As key workers, farm employees are allowed to drive to and from their jobs and working outside is safer than indoors. “Social distancing in the fields is not too hard because everyone gets their own row,” says Sean Figgis. “So they can be more than two metres apart. We try to stick to those guidelines for all current workers. Toilets are disinfected several times a day and break times are taken separately. We’re doing our part but we are also trying to keep working and keep everyone employed.”
Farmers hope the Government will clarify its Coronavirus Job Retention Scheme to allow people furloughed from their jobs in other industries to take up seasonal picking work. “The offer to pay 80 percent of wages, whilst of course a good thing, will prevent many from looking for other work,” says Chris Rose.
Some, although not all, farms will hire school and college students under 18. But they must be registered with the local authority and work a limited number of hours.
“For health and safety, it's better if they are 18 or over but if someone’s over 16 and we keep an eye on their hours, we are OK to employ them,” says Sean Figgis. “If a sensible, hard-working 16-year-old comes along, I’d say these are the rules, Swale Borough Council are aware you are here, go to work, please.”
British pickers' lack of training and experience is another concern. Soft fruit crops can easily be ruined by inexperienced hands.
“The supervisors and trainers are all Eastern European and most are not here,” explains Chris Rose. “Though the work is deemed ‘unskilled’ there is skill involved in picking fruit quickly to the correct standard, and thoroughly.”
With coronavirus threatening food security around the world, there is a national effort to save UK harvests. International charity Concordia, based in Brighton, was founded during World War Two to recruit volunteer labour and finds jobs on UK farms for overseas workers. This year it planned to bring in around 10,000 workers – half from the EU and the rest from Russia, Moldova, Ukraine, Belarus, Georgia and Barbados.
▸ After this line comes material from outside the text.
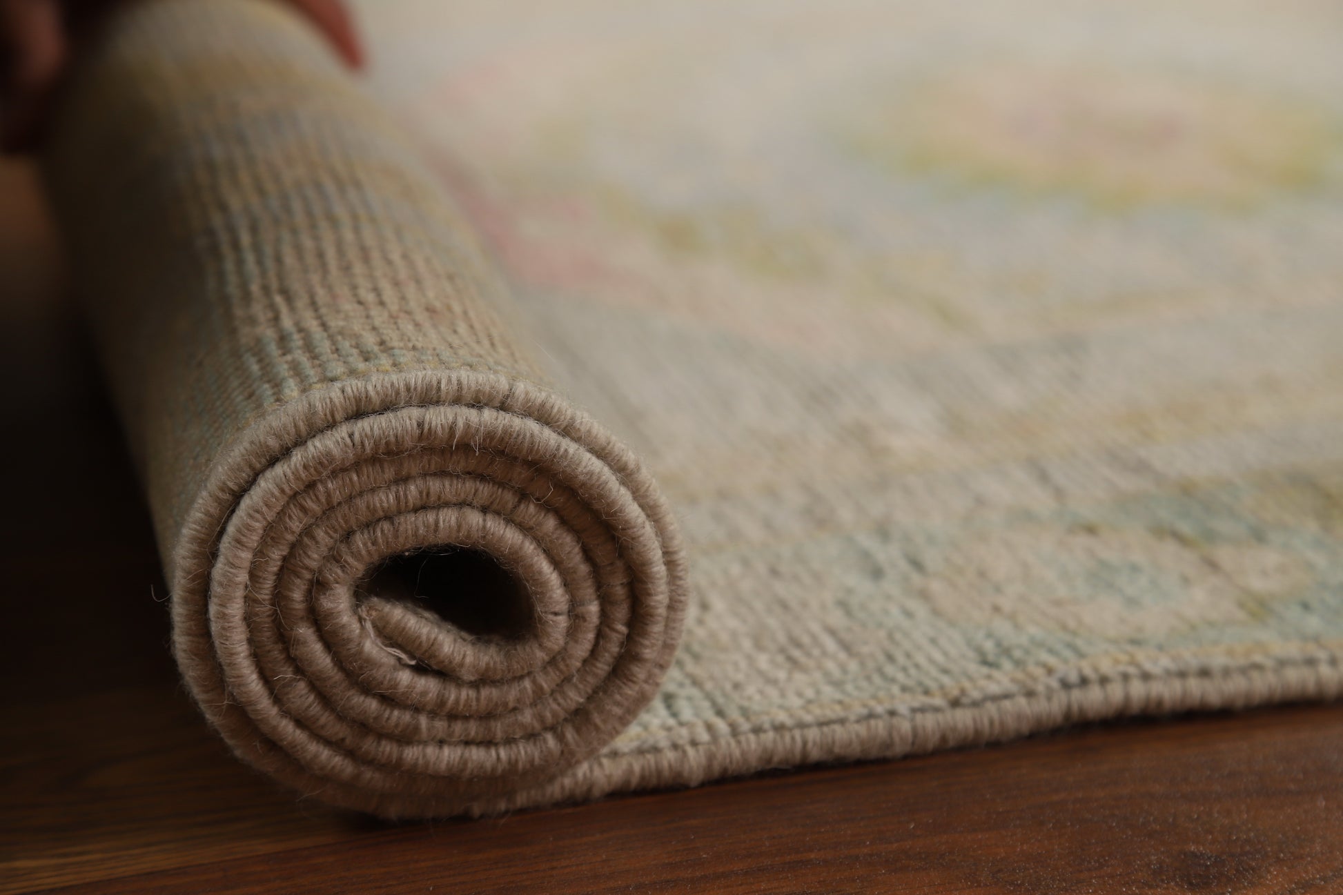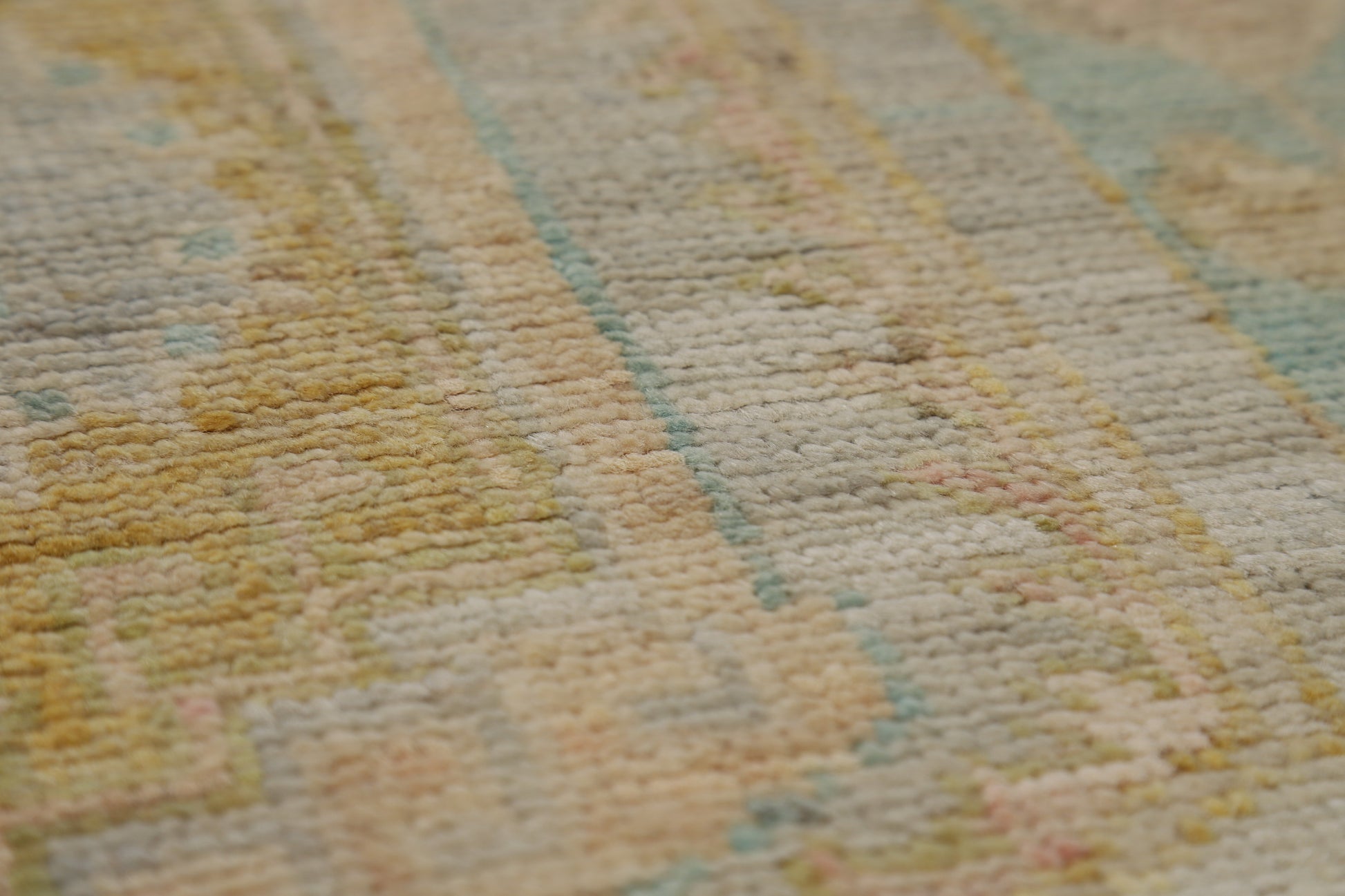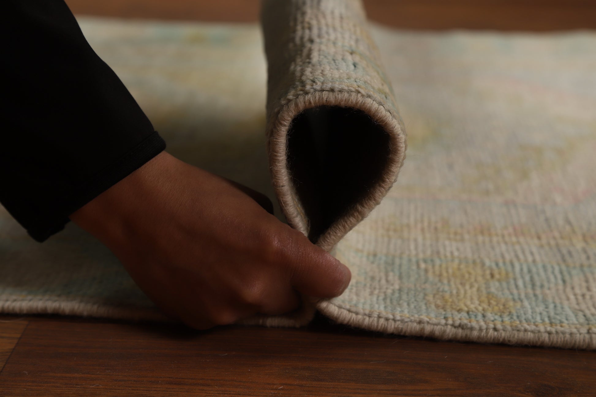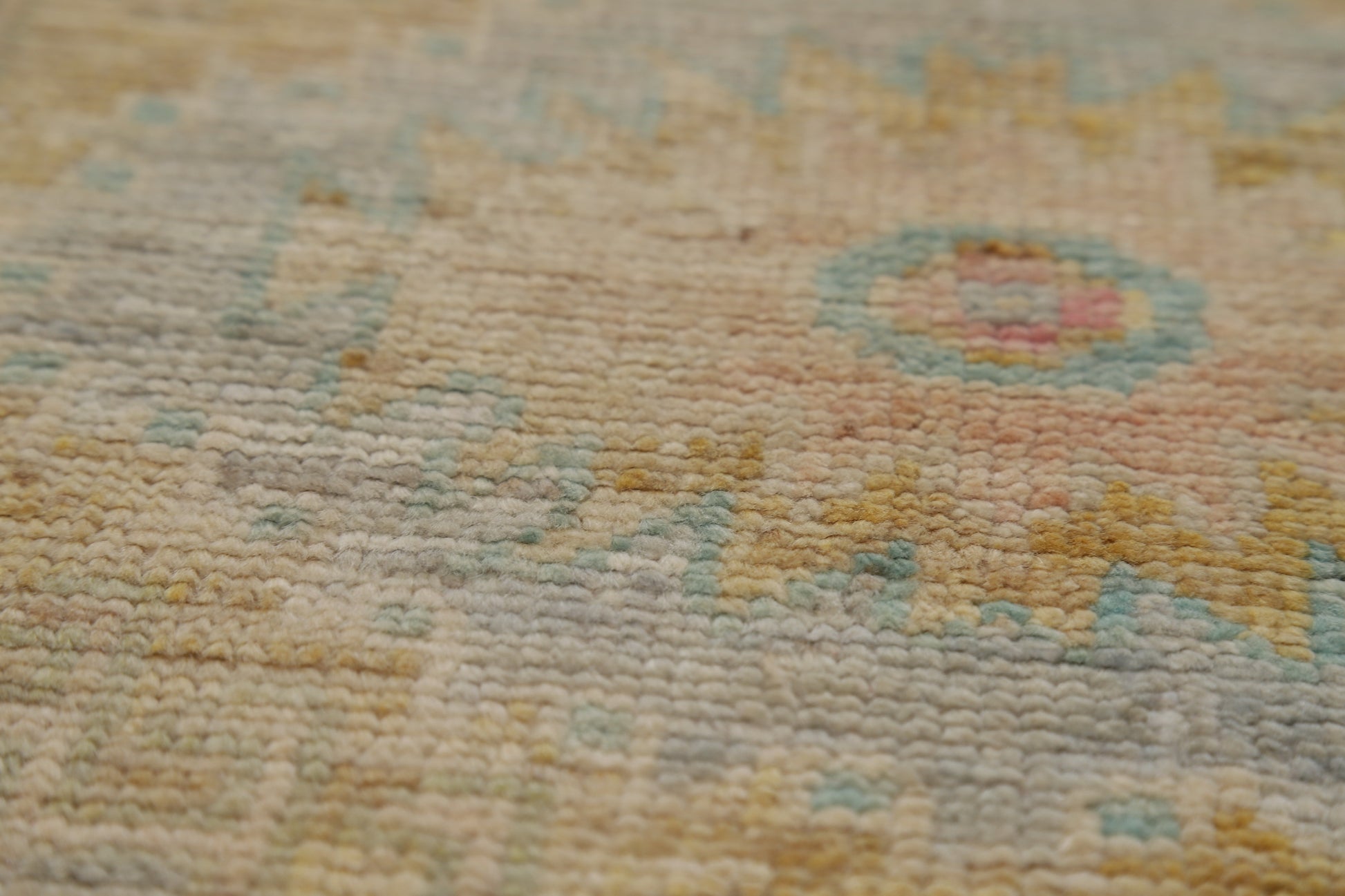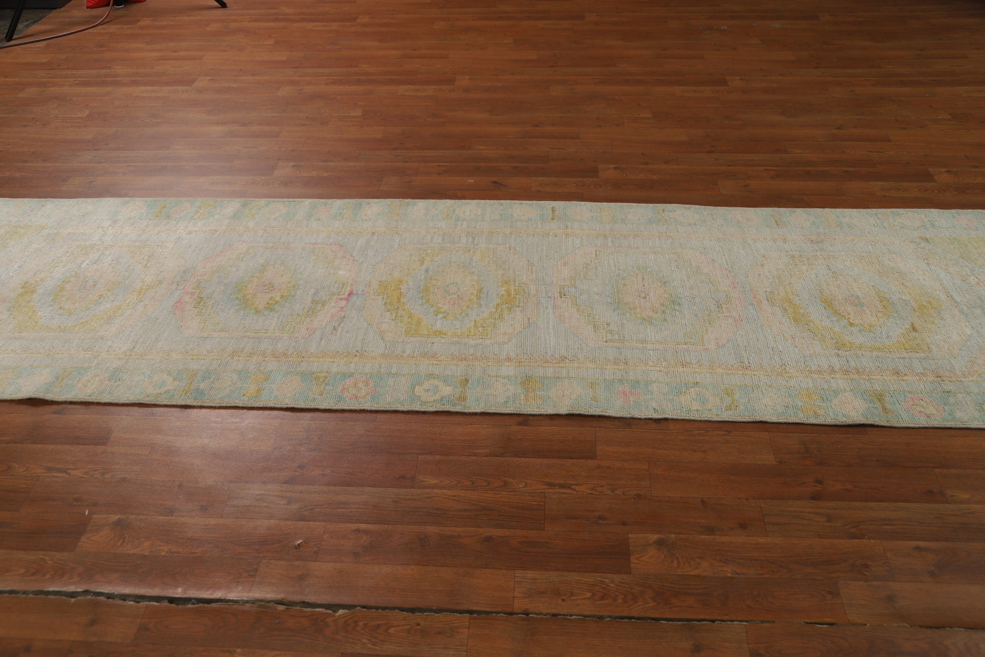 Vegetable Dye Geometric Oushak Turkish Runner Rug 3x12

But all of the non-EU countries are closed
Instead, Concordia has joined HOPS and Fruitful – two more leading ethical labour providers – to launch an initiative called Feed The Nation. The scheme allocates temporary farm work placements across the UK. By the end of March, it had received 14,000 inquiries from applicants including former service personnel, retirees and horse racing staff, with half of all applications from people who had lost their livelihoods to the pandemic.
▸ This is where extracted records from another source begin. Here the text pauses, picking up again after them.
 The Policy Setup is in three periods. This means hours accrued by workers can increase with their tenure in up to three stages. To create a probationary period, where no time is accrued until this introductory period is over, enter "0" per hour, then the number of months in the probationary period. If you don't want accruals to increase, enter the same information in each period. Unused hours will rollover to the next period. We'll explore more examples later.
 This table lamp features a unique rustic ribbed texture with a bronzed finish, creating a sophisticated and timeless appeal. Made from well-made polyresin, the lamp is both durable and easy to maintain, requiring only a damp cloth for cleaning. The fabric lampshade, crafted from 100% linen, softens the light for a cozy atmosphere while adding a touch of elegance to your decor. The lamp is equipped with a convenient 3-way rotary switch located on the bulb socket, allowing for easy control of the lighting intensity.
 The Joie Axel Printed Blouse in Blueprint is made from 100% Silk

Meanwhile British Summer Fruits and British Apples and Pears, national organisations representing growers, have set up an interactive map on their websites showing jobs available.
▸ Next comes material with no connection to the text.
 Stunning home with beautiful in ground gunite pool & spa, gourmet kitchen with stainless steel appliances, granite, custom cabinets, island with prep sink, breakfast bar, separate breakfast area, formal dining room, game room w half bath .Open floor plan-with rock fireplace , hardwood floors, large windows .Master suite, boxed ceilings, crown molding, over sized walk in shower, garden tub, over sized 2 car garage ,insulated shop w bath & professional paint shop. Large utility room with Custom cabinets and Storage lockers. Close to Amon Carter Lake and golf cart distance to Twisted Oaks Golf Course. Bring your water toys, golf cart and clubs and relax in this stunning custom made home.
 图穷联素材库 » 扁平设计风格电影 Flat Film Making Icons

But the farm labour crisis is not confined to the UK. Time is also running out for our European neighbours before fruit and vegetables rot. France is struggling to find the 200,000 workers it needs for its picking season. Germany’s harvest is also under threat from travel bans, with the country's agriculture association BOGK warning: “What is not harvested cannot be processed...supplies for the population would no longer be secure from summer 2020.”
Jeopardised by recent political decisions, British food production has suddenly become vital as the country struggles to deal with an unprecedented outbreak.
“Hopefully we can help everybody out, harvest the crops and give everyone lots of jobs,” says Sean Figgis. “Our work must go on because we need to feed the country.”